3.9. Subcellular Localization and Functional Analysis of BrrPSY Gene in Turnip

In order to clear the BrrPSY protein localization in cells, we performed assays for the transient transformation of Arabidopsis protoplasts with PBI211GFP-BrrPSY recombinant plasmids and a PBI211GFP plasmid was used as control. Fluorescence of transformed Arabidopsis protoplasts showed that the BrrPSY protein appeared as green fluorescence at 488 nm, and the chloroplast in Arabidopsis protoplasts appeared as red fluorescence at 555 nm. The merged field showed green and red fluorescence presenting the superimposed orange, indicating that BrrPSY protein was localized in the chloroplasts (Figure 7a).

Figure 7

Subcellular localization and functional analysis of BrrPSY gene. (a) The subcellular localization of BrrPSY protein. (b,c) The relative expression levels of PSY-Y and PSY-W genes in the over-expressing tobacco leaves and control. (d,e) The carotenoid contents in the over-expressing tobacco leaves and control. * indicates a significant difference when p < 0.05, ** indicates a significant difference when p < 0.01.

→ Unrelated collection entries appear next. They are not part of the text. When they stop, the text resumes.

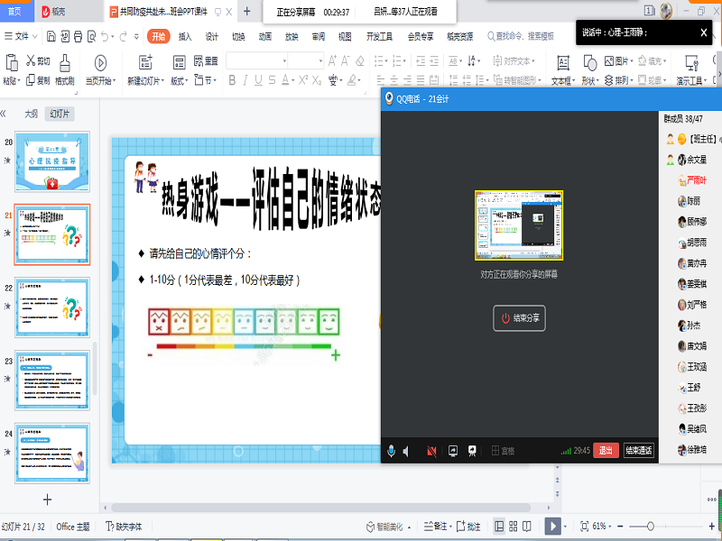 加强心理委员队伍建设,充分发挥班级心理委员的朋辈心理辅导作用,对于学生心理健康管理工作意义非凡。此次,心理委员们通过开展疫情心理主题班会,促进了他们成长。
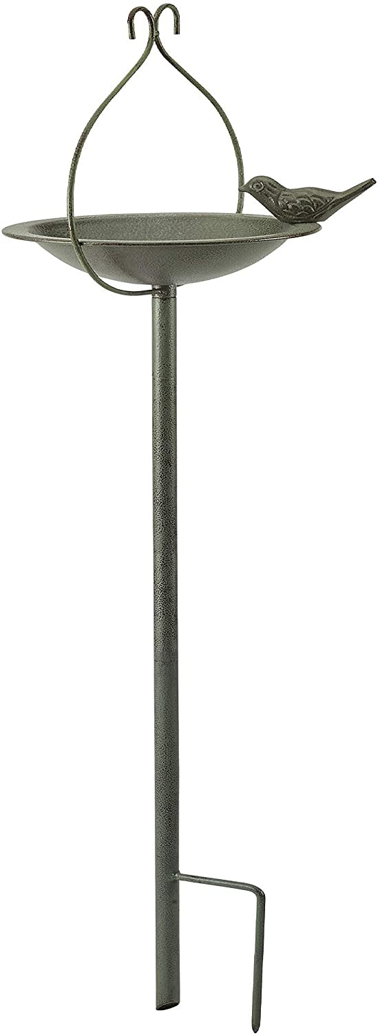 Prachtige voederschaal op paal. Sterk metalen feeder met decoratief vogeltje op de rand Hoogte 88cm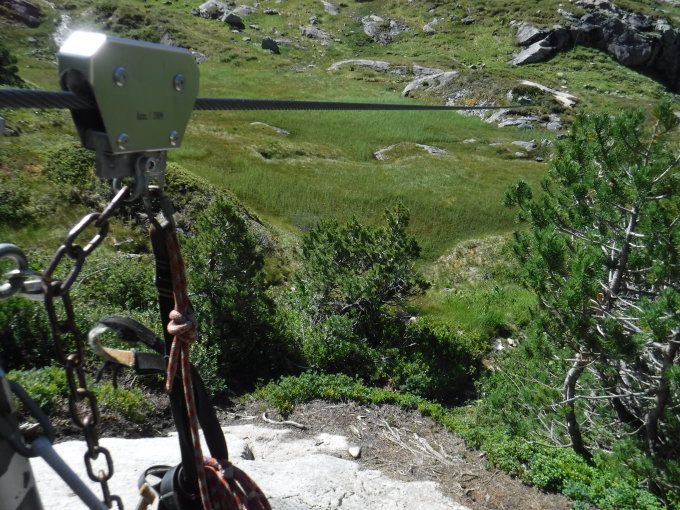 Tourenbeginn in Wilerli um 05:30 Uhr bei 14°C unter klarem Himme. Die gute alte Gondel funktioniert immer noch einwandfrei. Ohne Fahrplan. Rund um die Uhr. Aufstieg über den Stäibbi-Klettersteig am Faulbach-Wasserfall. Nach kurzer Stippvisite der Kröntenhütte, dann mittags noch auf den Krönten hinauf. KS-Utensilien deponierte ich zwischenzeitlich auf der Hütte. Über den Glatt Firn lief ich mit Steigeisen, um schneller zu sein (wäre auch ohne gegangen, nur rutschiger und langsamer) Im Aufstieg, wie auch Abstieg suchte ich die Firn- und Altschneefelder, welche guten Trittschnee boten, jedoch wegen der „Dellenoberfläche“ rutschig waren, so dass die Steigeisen im Abstieg schnelles Vorwärtskommen bescherten, ohne das Hosenboden und Rucksack nass wurde.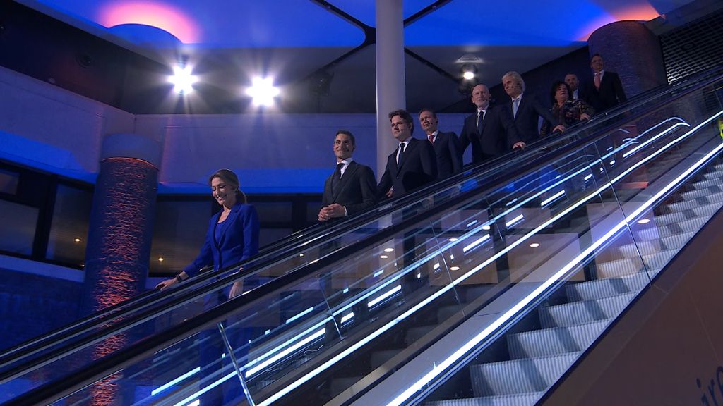 Lijsttrekkers van negen grootste partijen komen met roltrap naar beneden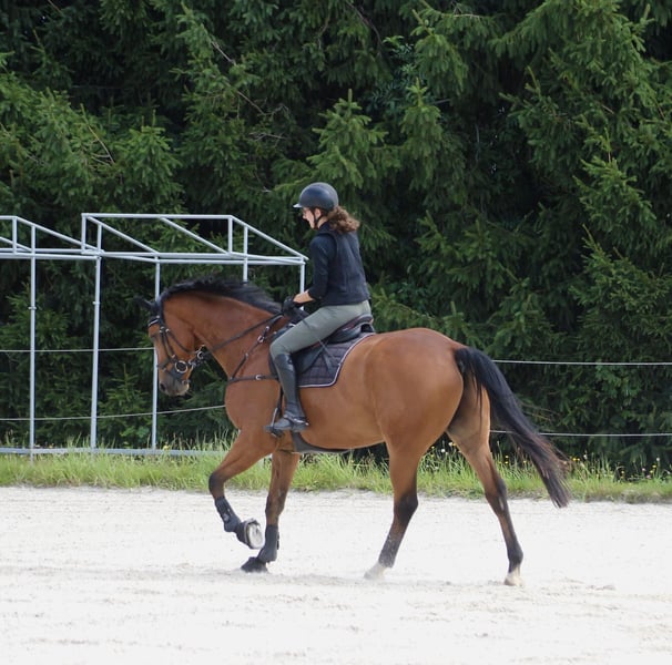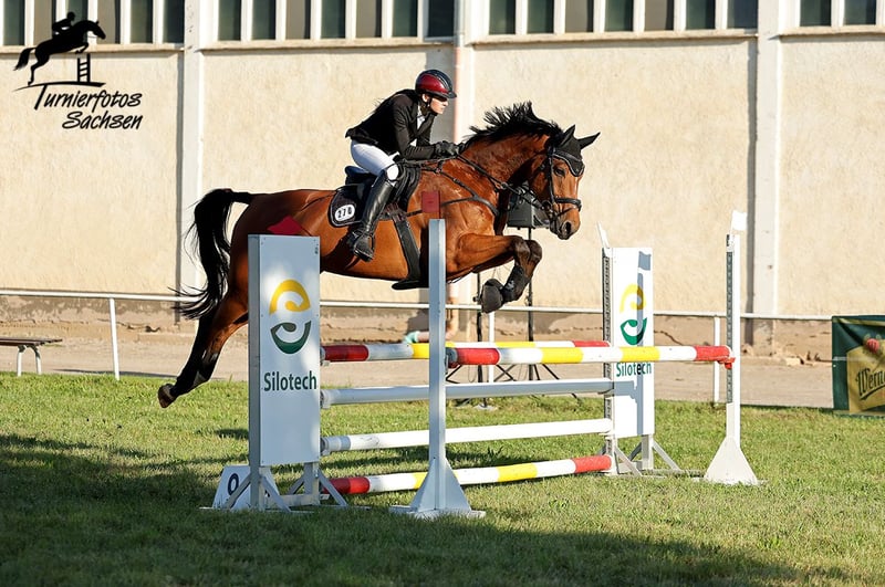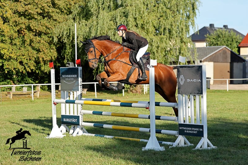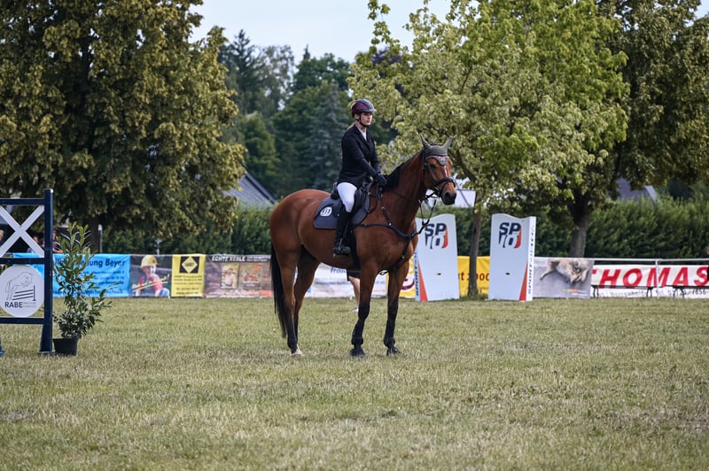Zum Verkauf steht ein bildschöner 8-jähriger Wallach. Prinz Albert ist ein Deutsches Sportpferd abstammend von Prinz Ludwig x Glacier. Er hat ein Stockmaß von ca. 177cm. Er ist A**-Springen platziert und L-fertig. Er ist Schmiede- und Verladefromm, geimpft und die Zähne wurden regelmäßig kontrolliert. Er wurde mehrmals bei der Osteopathin und beim Sattler vorgestellt. TÜV ohne Befund von Oktober 2024 ist vorhanden und kann natürlich auf Wunsch zugesendet werden. In der täglichen Arbeit ist er neugierig und sehr brav. Joggen an der Hand, Kühe, Schafe, Hunde und klappernde Fahrzeuge wie z.B. Traktoren kennt er und hat damit keine Probleme. Er ist in der dressurmäßigen Arbeit gut zu reiten und beherrscht A-Lektionen, sowie einige L-Lektionen. Er kennt die Longe und wurde von uns langsam an die Doppellonge herangeführt (braucht da noch etwas Übung). Beim Springen ist er mit genügend Go ausgestattet und ist von fortgeschrittenen Reitern problemlos zu reiten. Er ist nicht guckig und springt jegliche Unterbauten inklusive Wassergraben ohne Probleme. Auf dem Turnier und beim Auswärtstraining zeigt er sich, wie sonst auch arbeitswillig. Er lässt sich mit anderen Pferden und auch allein problemlos verladen. Wir waren mit ihm sehr oft in einer Gruppe und auch allein im Gelände, dort erweist er sich als absolutes Verlasspferd, auch unter einem unerfahreneren Reiter. Deswegen könnte ich ihn mir auch sehr gut als zuverlässigen Partner für den gehobenen Freitzeitreiter vorstellen. Prinz ist gut sozialisiert. Er versteht sich sowohl mit Wallachen als auch mit Stuten und fährt auch mit fremden Pferden sehr entspannt Hänger. Er steht bei uns aktuell im Offenstall, kennt aber auch die Boxenhaltung. Aufgrund einer Verletzung meinerseits wurde er dieses Jahr leider kaum auf Turnier vorgestellt. Gesprungen wurde er in den letzten Monaten von einer Bekannten. Aktuelle Videos aus dem Training stelle ich Ihnen auf Anfrage gern zur Verfügung. Er wird inklusive Trense (nicht mal ganz ein Jahr alt) verkauft. Sie haben Interesse? Dann können wir gern einen Termin zum Probereiten vereinbaren. Melden Sie sich gern per WhatsApp oder Anruf unter 0157 85922936.

To test the ability of BrrPSY to impact the accumulation of carotenoid content in vivo, we generated over-expressing constructs targeting the PSY-Y and PSY-W genes. For this purpose, Agrobacterium tumefaciens strain GV3101 containing recombinant plasmid 35S::PSY-Y or 35S::PSY-W was injected into a tobacco line using the injection infiltration method, and corresponding empty plasmids were used as control. The relative expression of PSY-Y and PSY-W was measured by qRT-PCR analysis and the results showed that PSY-Y and PSY-W were both significantly up-regulated in the transient expression tobacco (Figure 7b,c). Similarly, the carotenoid contents were increased in both the PSY-Y and PSY-W over-expressing tobacco (Figure 7d,e), confirming a direct regulation of BrrPSY on carotenoid content in turnip. Results revealed that yellow turnips are due to high expression of the PSY gene rather than mutations in the PSY gene, indicating that a posttranscriptional regulatory mechanism may affect carotenoid formation.

Since PSY catalyzes the first committed reaction, it is considered to be the major rate-limiting enzyme regulating the flux into carotenoid production [37,38], while there are few reports on the function of a mutated PSY gene. Our research confirmed the mutated BrrPSY gene in carotenoid accumulation and validated the function of PSY-Y and PSY-W genes. All these findings provide new insight into deep exploration of the formation of yellow turnips.

4. Conclusions

In this study, we identified eight unigenes involved in carotenoid biosynthesis and that were significantly upregulated in W25 and barely expressed in W21. Metabolomics profiling in turnip revealed that four carotenoid components, phytoene, lycopene, γ-carotene and apocarotenal, were unique in W25. Thus, we hypothesized high accumulation of lycopene and γ-carotene in W25 to cause the yellow-fleshed root coloration in turnip. A carotenoid biosynthesis pathway was reconstructed and forty-five transcription factors were identified to predict the yellow-fleshed root coloration in turnip. The PSY gene was the key gene affecting the carotenoid formation in W25. The coding sequence of BrrPSY-W25 was 1278 bp and BrrPSY-W21 was 1275 bp, and BrrPSY was more highly expressed in swollen roots in W25 than in W21. Transient transgenic tobacco leaf overexpressing BrrPSY-W and BrrPSY-Y showed higher transcript levels and carotenoid contents. Results revealed that yellow turnip formation is due to high expression of the PSY gene rather than mutations in the PSY gene, indicating that a posttranscriptional regulatory mechanism may affect carotenoid formation.